# Pequin powder?



## chave982 (Aug 27, 2007)

What is this?  I found a chili recipe which calls for it, but I've never heard of it before.


----------



## Katie H (Aug 27, 2007)

It's a type of chili powder, chave.  Look here for a site that sells it.


----------



## Uncle Bob (Aug 27, 2007)

Chave....

Pequin powder made from the Pequin Pepper is dangerously hot. It is rated at 140,000 Scoville units!! Cayenne is rated at 40,000 units by comparison. Use caution!! it's HOT!!!


----------



## Andy M. (Aug 27, 2007)

The powder comes from grinding up these peppers.  Click here and scroll down.


----------



## buckytom (Aug 27, 2007)

lol, did anyone else read this as penguin powder? 

boy, i need to go home. i felt bad for the little well dressed guys for a minute there.


----------



## Andy M. (Aug 27, 2007)

penguins = South Pole = Chilly = chile = powdered pepper!

Perfectly understandable.


----------



## chave982 (Aug 27, 2007)

Katie E said:


> It's a type of chili powder, chave. Look here for a site that sells it.


 
Hmm...so do you think it's worth it looking in a grocery store? Or is this more of a "specialty" item that is only sold on websites and certain food stores?

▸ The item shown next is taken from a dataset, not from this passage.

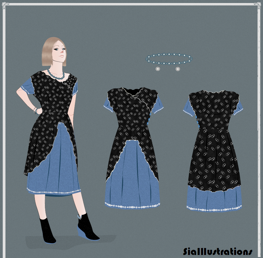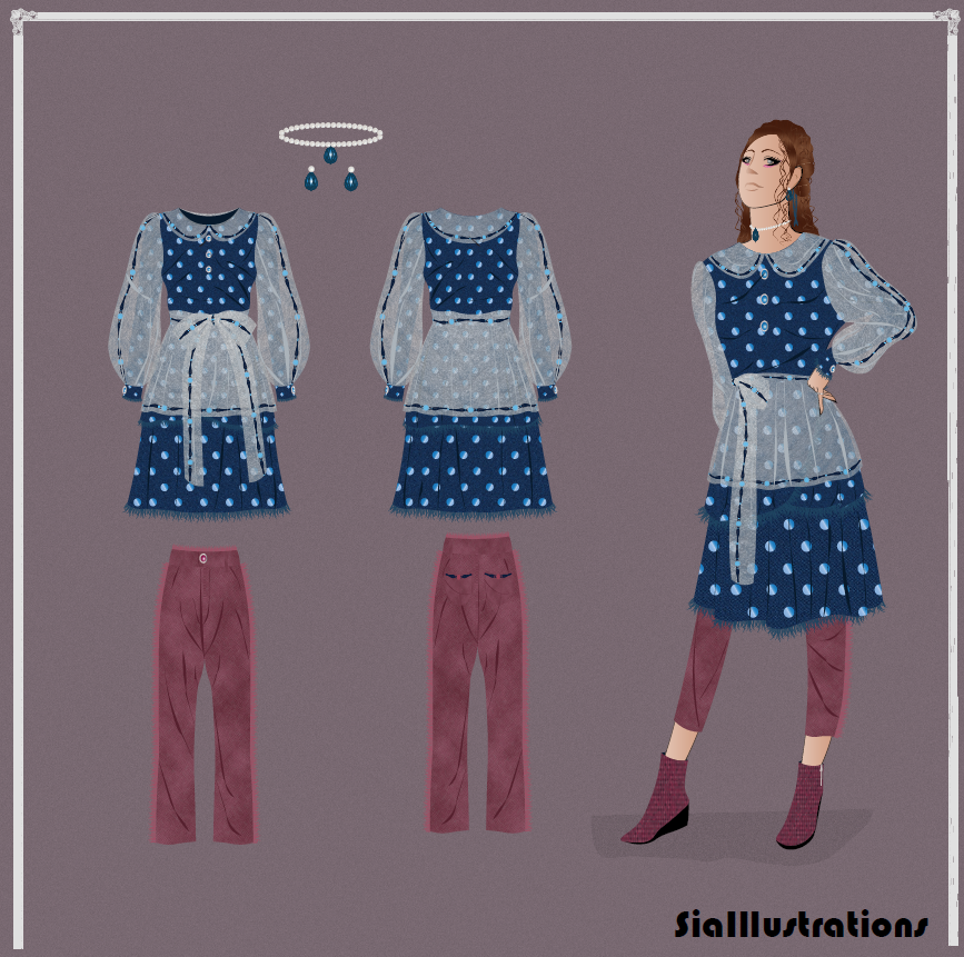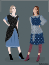 Autumn fashion is finally here!! Gear up your fashion wardrobe with "Autumn Casual Fashion Illustration Denim Edition". The first outfit is a V-line black frill upper layer with denim A-line skirt in the lower layer and short sleeves. The second outfit is a peter pan plastic fabric with long bishop style sleeves and denim skirt. The look is completed with pink denim straight pants. The high resolution illustration, front and back view of each garment is available in PDF and PNG format.

Can't really order it now...chili cook-off is on Friday, so time is ticking for me!


----------



## Andy M. (Aug 27, 2007)

You can sub cayenne pepper for it as Uncle Bob suggested.  Adjust the heat level you want by adding more or less powder.


----------



## Uncle Bob (Aug 27, 2007)

buckytom said:


> lol, did anyone else read this as penguin powder?
> 
> boy, i need to go home. i felt bad for the little well dressed guys for a minute there.


 
Yep ya need to go Home BT. Go to bed, take two aspirin, and call me tomorrow. You a sick puppy!!!


----------



## mitmondol (Aug 27, 2007)

buckytom said:


> lol, did anyone else read this as penguin powder?
> 
> boy, i need to go home. i felt bad for the little well dressed guys for a minute there.



Thanks for the morning laugh Tom!!!


----------



## Katie H (Aug 27, 2007)

chave982 said:


> Hmm...so do you think it's worth it looking in a grocery store? Or is this more of a "specialty" item that is only sold on websites and certain food stores?
> 
> Can't really order it now...chili cook-off is on Friday, so time is ticking for me!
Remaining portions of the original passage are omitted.